Study finds you can solve puzzles in your dreams
Northwestern University researchers found that playing certain sounds during REM sleep can actually steer your dreams and help you solve brain teasers.
Using a technique called targeted memory reactivation (TMR), the 12 of 20 participants whose dreams incorporated the cued puzzles doubled their puzzle-solving success—from 20% to 40%—when their dreams were nudged with sound cues.
How the study was conducted
Twenty experienced lucid dreamers took part, each spending a few minutes with unique soundtracks for different puzzles before bed.
During REM sleep, some of these sounds were replayed, and while 75% of participants reported dreaming about fragments or ideas related to the unsolved puzzles in general, only 12 of 20 participants showed increased dream incorporation specifically tied to the cued puzzles.

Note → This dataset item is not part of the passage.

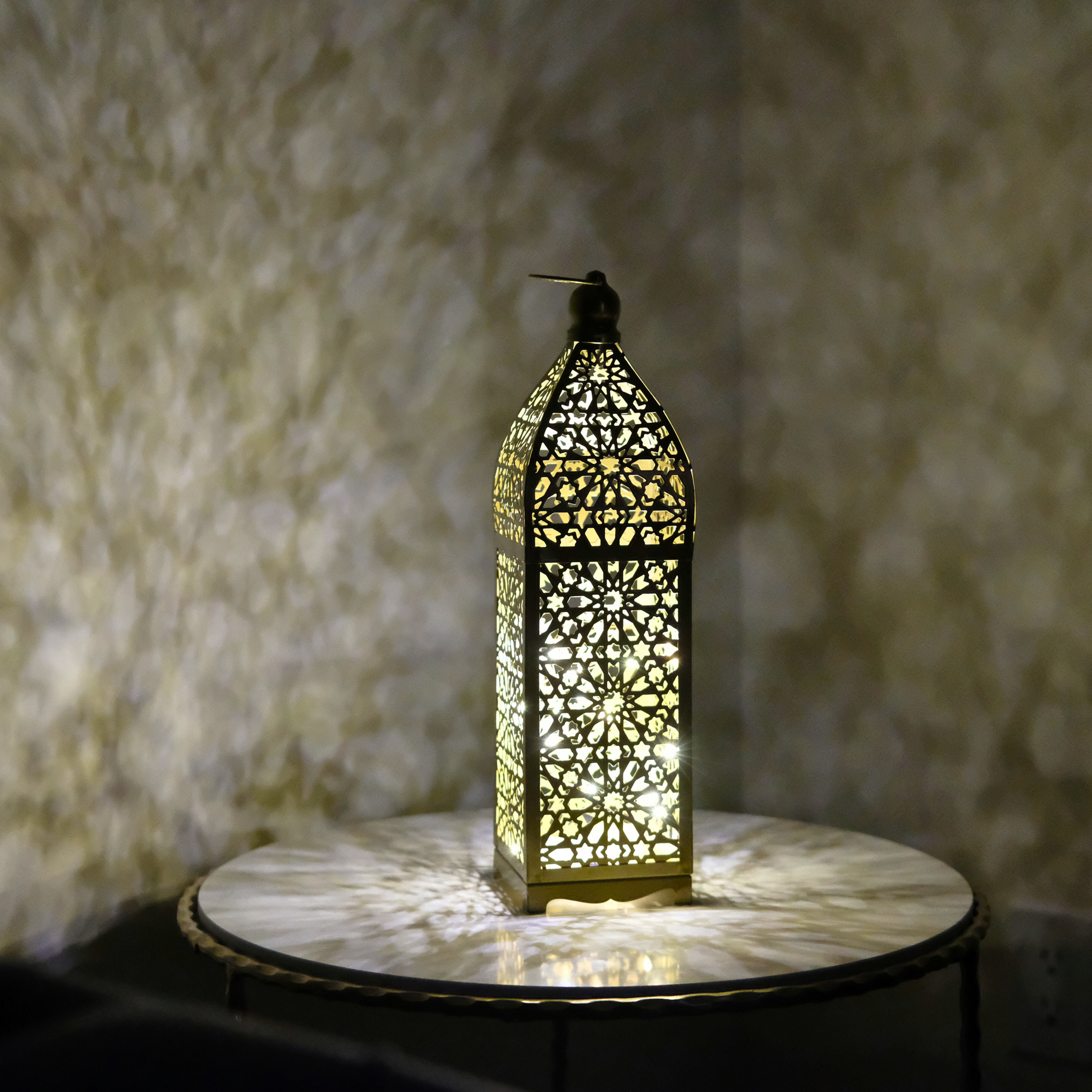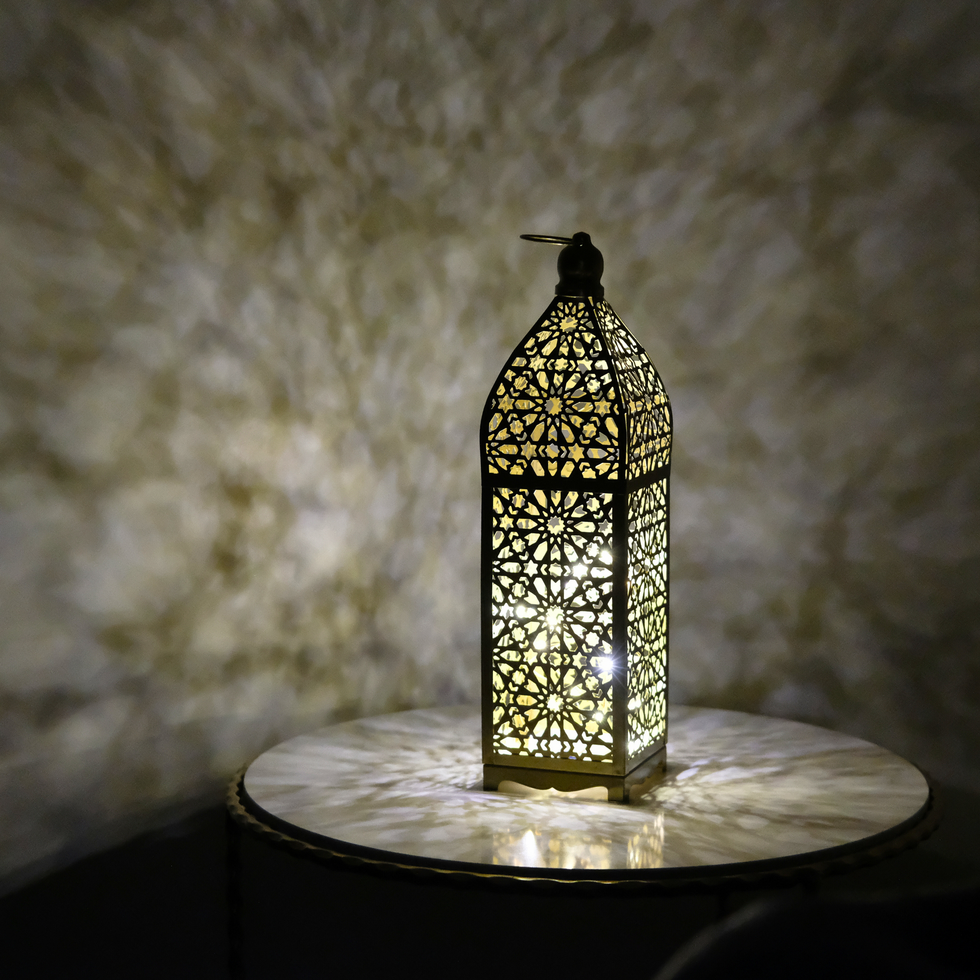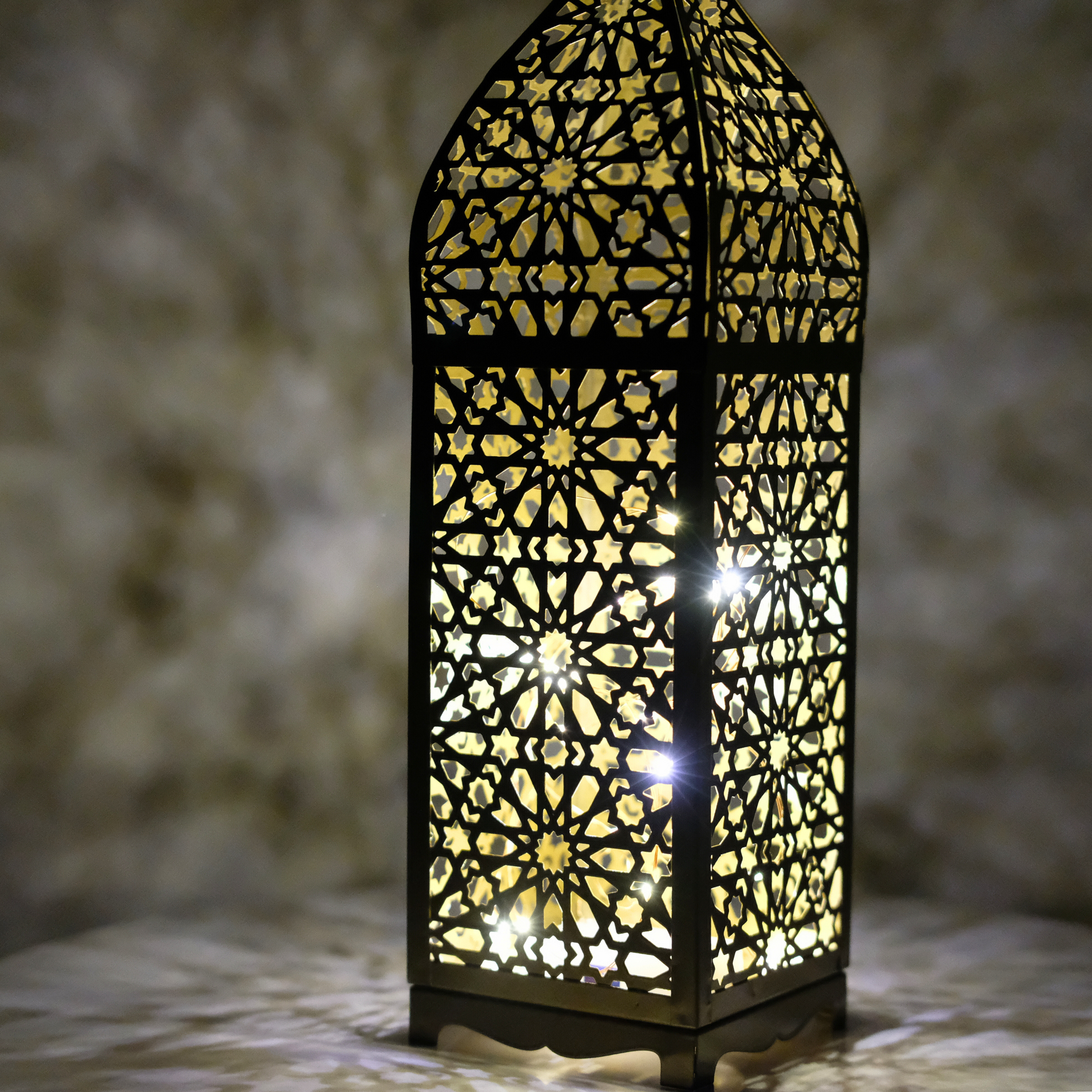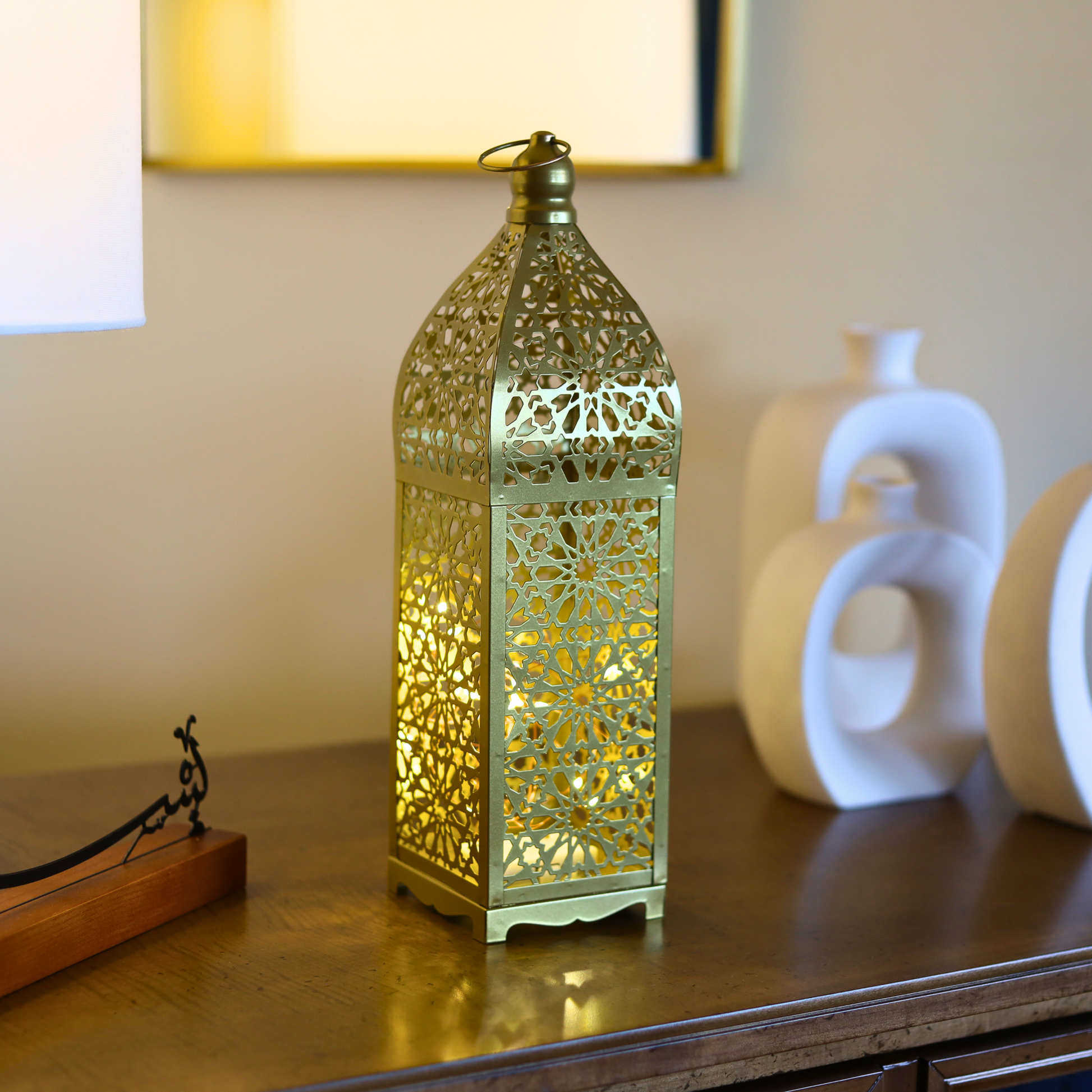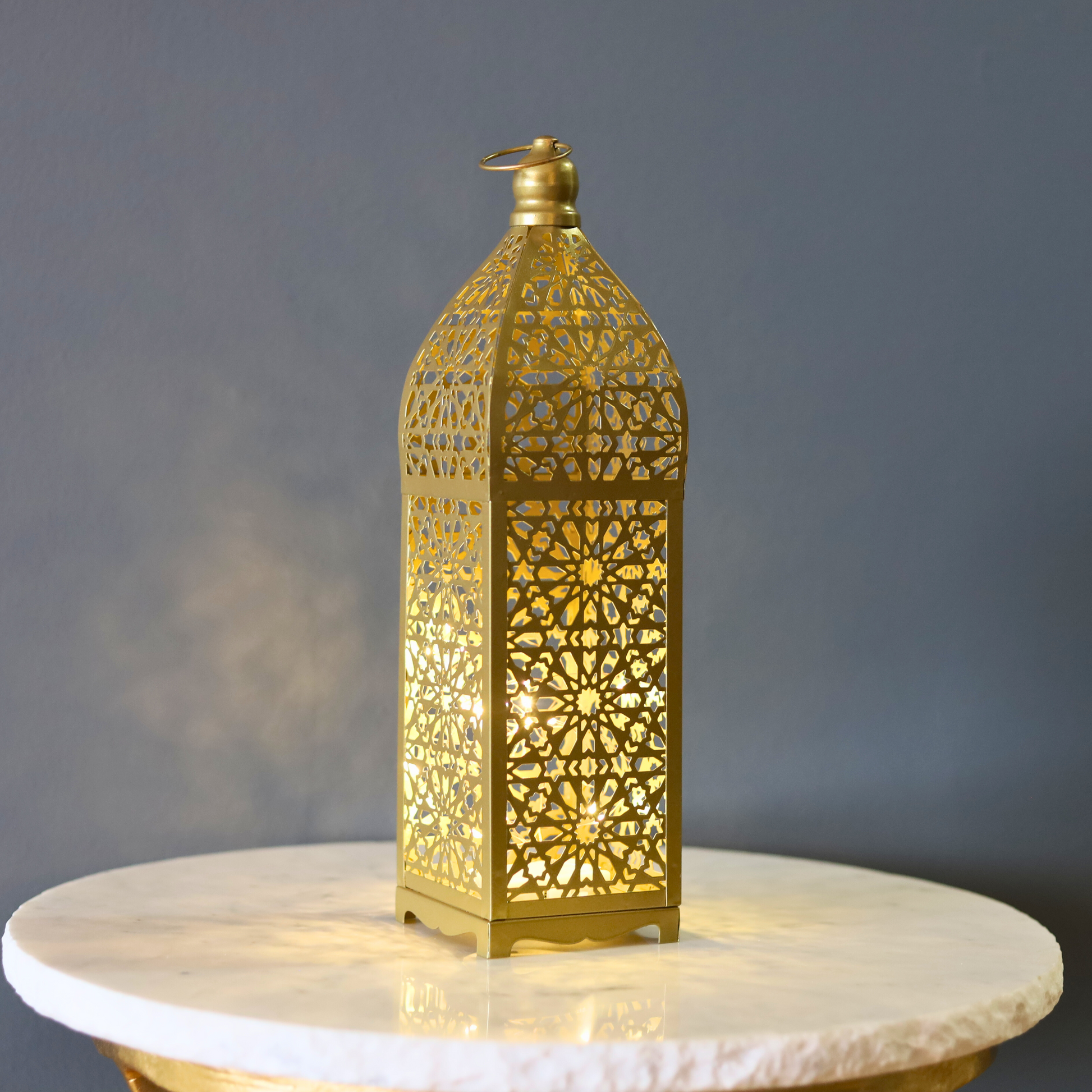 Stunning Gold Persian Pattern Metal Lantern with LED Lights

Among those 12 participants whose dreams incorporated the cued puzzles, they not only dreamed more about the targeted puzzles but also solved them much more often than those whose dreams did not incorporate the cues.
What the researchers want to do next
Interestingly, even people who weren't fully aware they were dreaming still followed the sound cues—one even asked a dream character for help!
Lead author Karen Konkoly noted these moments show just how much our sleeping brains can pick up on outside hints.
Next up: researchers want to see if this approach could help with learning or managing emotions through dreams.